Greece might be facing the worst financial crisis in history. In ekathimerini we read: "The Greek economy shrank 6.8 percent in 2011, leaving the level of output an estimated 16 percent below its pre-crisis peak. Unemployment has soared to more than 20 percent from 7.7 percent in 2008. Argentina suffered a 20 percent peak-to-trough drop in output as it defaulted on its debts in 2001, while Latvia's economy contracted by 24 percent because of the 2008 global financial crisis. With more belt-tightening in store in return for a proposed 130 billion euro ($172 billion) international bailout, Athens is on course to join their ranks, and possibly overtake them, said Uri Dadush, an economist with the Carnegie Endowment in Washington, a think tank. 'On the current path – which is not sustainable in my view – we may very well see Greek GDP go down 25-30 percent, which would be historically unprecedented. It's a disastrous crisis for them,' Dadush, a former senior World Bank official, said."
Greece has entered its fifth straight year of recession. Russell Shorto in the New York Times paints a grim picture of life there. "By many indicators, Greece is devolving into something unprecedented in modern Western experience. A quarter of all Greek companies have gone out of business since 2009, and half of all small businesses in the country say they are unable to meet payroll. The suicide rate increased by 40 percent in the first half of 2011. A barter economy has sprung up, as people try to work around a broken financial system. Nearly half the population under 25 is unemployed. Last September, organizers of a government-sponsored seminar on emigrating to Australia, an event that drew 42 people a year earlier, were overwhelmed when 12,000 people signed up. Greek bankers told me that people had taken about one-third of their money out of their accounts; many, it seems, were keeping what savings they had under their beds or buried in their backyards. One banker, part of whose job these days is persuading people to keep their money in the bank, said to me, 'Who would trust a Greek bank?' "

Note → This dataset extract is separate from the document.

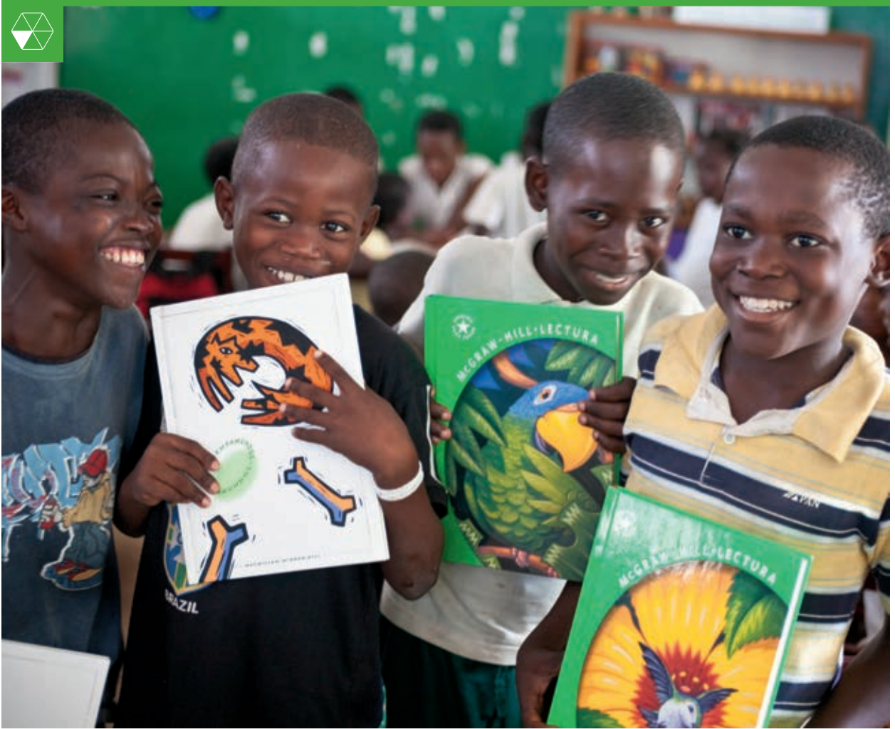
Education Initiative, West Africa

So how do we fix it? In a blog entry the other day, I said a Greek default would be best because there is no way they will be able to pay back the debt with the economy stuck in recession, and the government there not getting enough money to reduce the debt. Russia defaulted in 1998, and the world didn't come to an end.
Researcher Oliver Marc Hartwich says pretty much the same thing. "Realistically, Greece can only be saved if two things come together. First, Greece must default on most of its debt. A default in homeopathic doses, which seems to be the EU preference for now, will not suffice. Second, to carry its remaining debt burden Greece needs economic growth, which the country cannot achieve as long as it remains in monetary union with countries like Germany. In the long term, Greece needs to raise its productivity substantially. In the short term, a depreciation of its new currency is the best way to boost its external competitiveness. This is why Greece must leave the eurozone as soon as possible."